Data shown
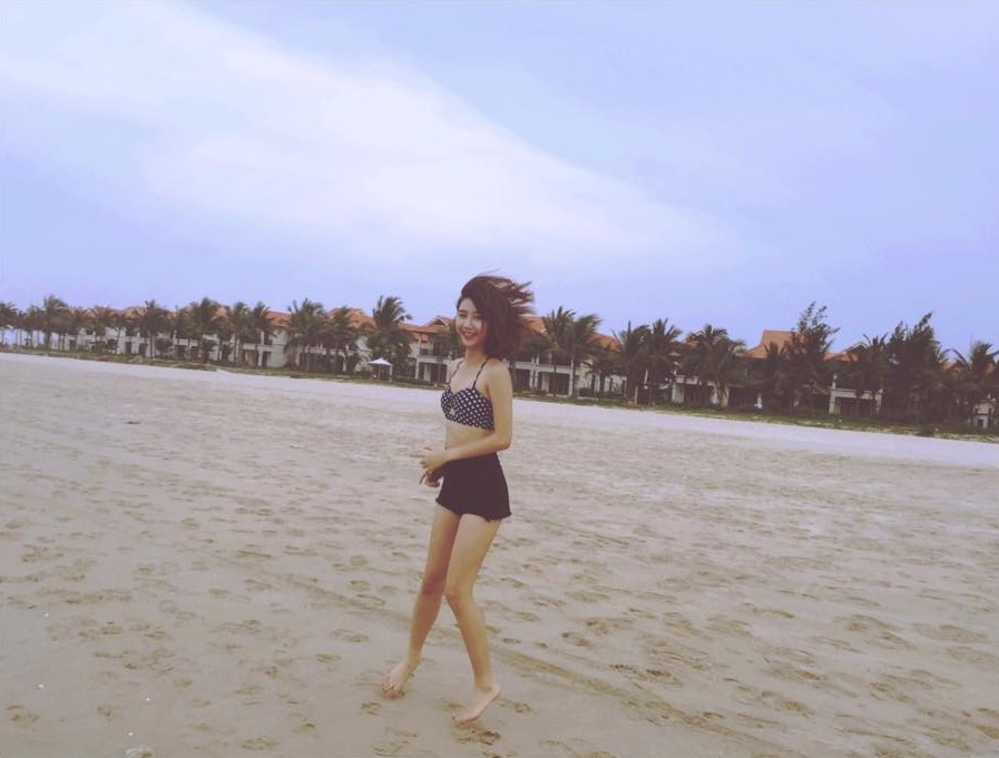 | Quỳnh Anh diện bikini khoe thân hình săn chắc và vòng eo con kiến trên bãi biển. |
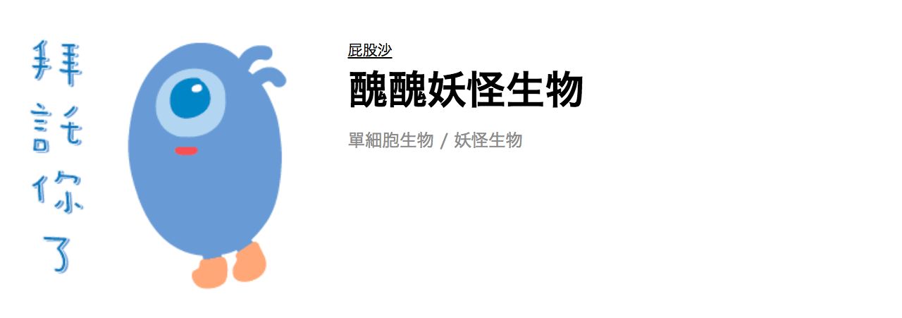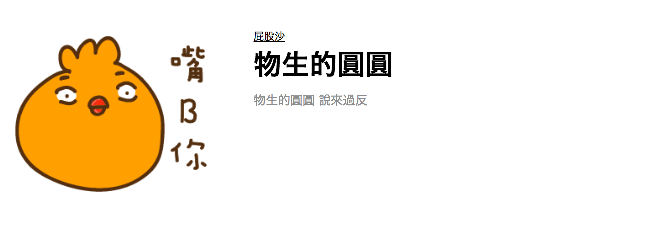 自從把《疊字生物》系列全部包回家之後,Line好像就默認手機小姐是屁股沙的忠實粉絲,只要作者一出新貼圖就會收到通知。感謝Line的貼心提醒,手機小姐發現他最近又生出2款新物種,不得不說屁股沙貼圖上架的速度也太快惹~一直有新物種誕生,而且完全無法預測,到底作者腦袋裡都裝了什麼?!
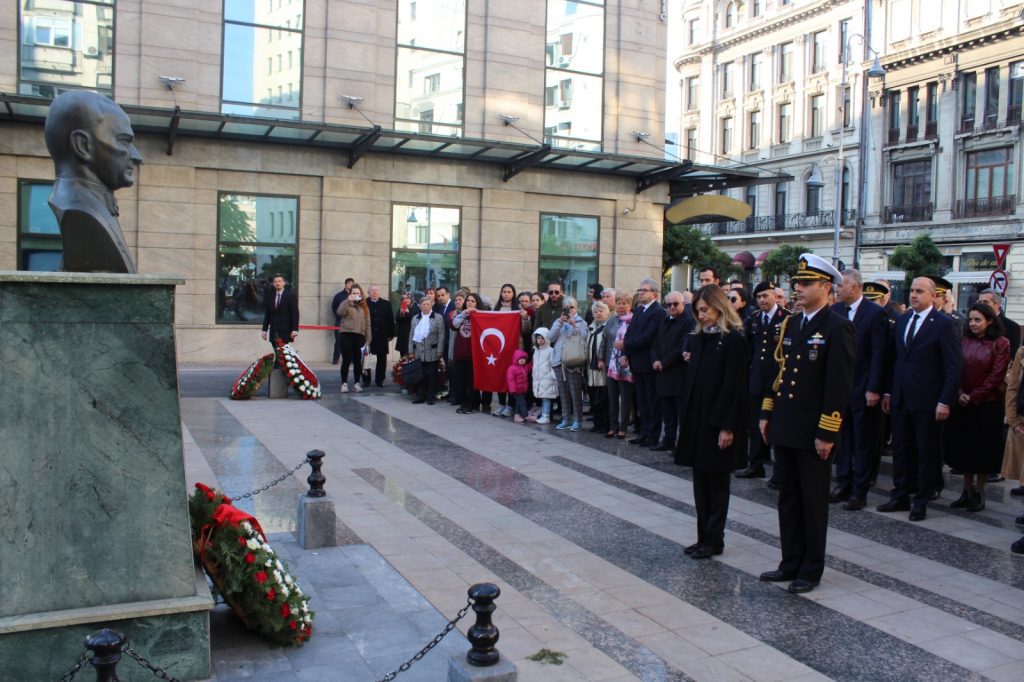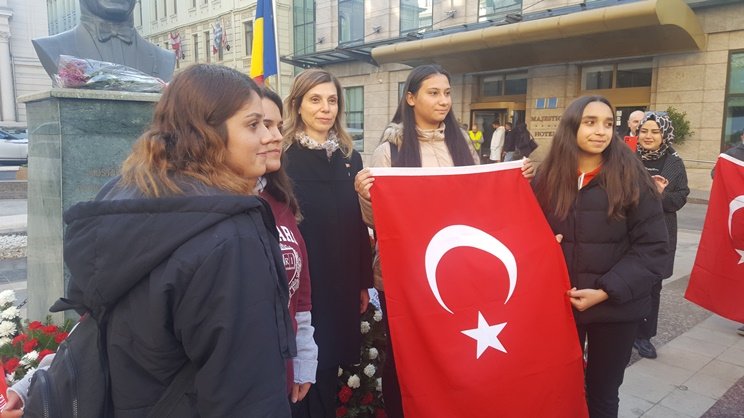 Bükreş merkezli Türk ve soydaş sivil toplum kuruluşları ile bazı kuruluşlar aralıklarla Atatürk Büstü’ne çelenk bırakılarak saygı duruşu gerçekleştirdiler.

Action item
Your answer should contain all the material above, written out exactly, and none of the pictures.

Answer box
 | Quỳnh Anh diện bikini khoe thân hình săn chắc và vòng eo con kiến trên bãi biển. |
 自從把《疊字生物》系列全部包回家之後,Line好像就默認手機小姐是屁股沙的忠實粉絲,只要作者一出新貼圖就會收到通知。感謝Line的貼心提醒,手機小姐發現他最近又生出2款新物種,不得不說屁股沙貼圖上架的速度也太快惹~一直有新物種誕生,而且完全無法預測,到底作者腦袋裡都裝了什麼?!
 Bükreş merkezli Türk ve soydaş sivil toplum kuruluşları ile bazı kuruluşlar aralıklarla Atatürk Büstü’ne çelenk bırakılarak saygı duruşu gerçekleştirdiler.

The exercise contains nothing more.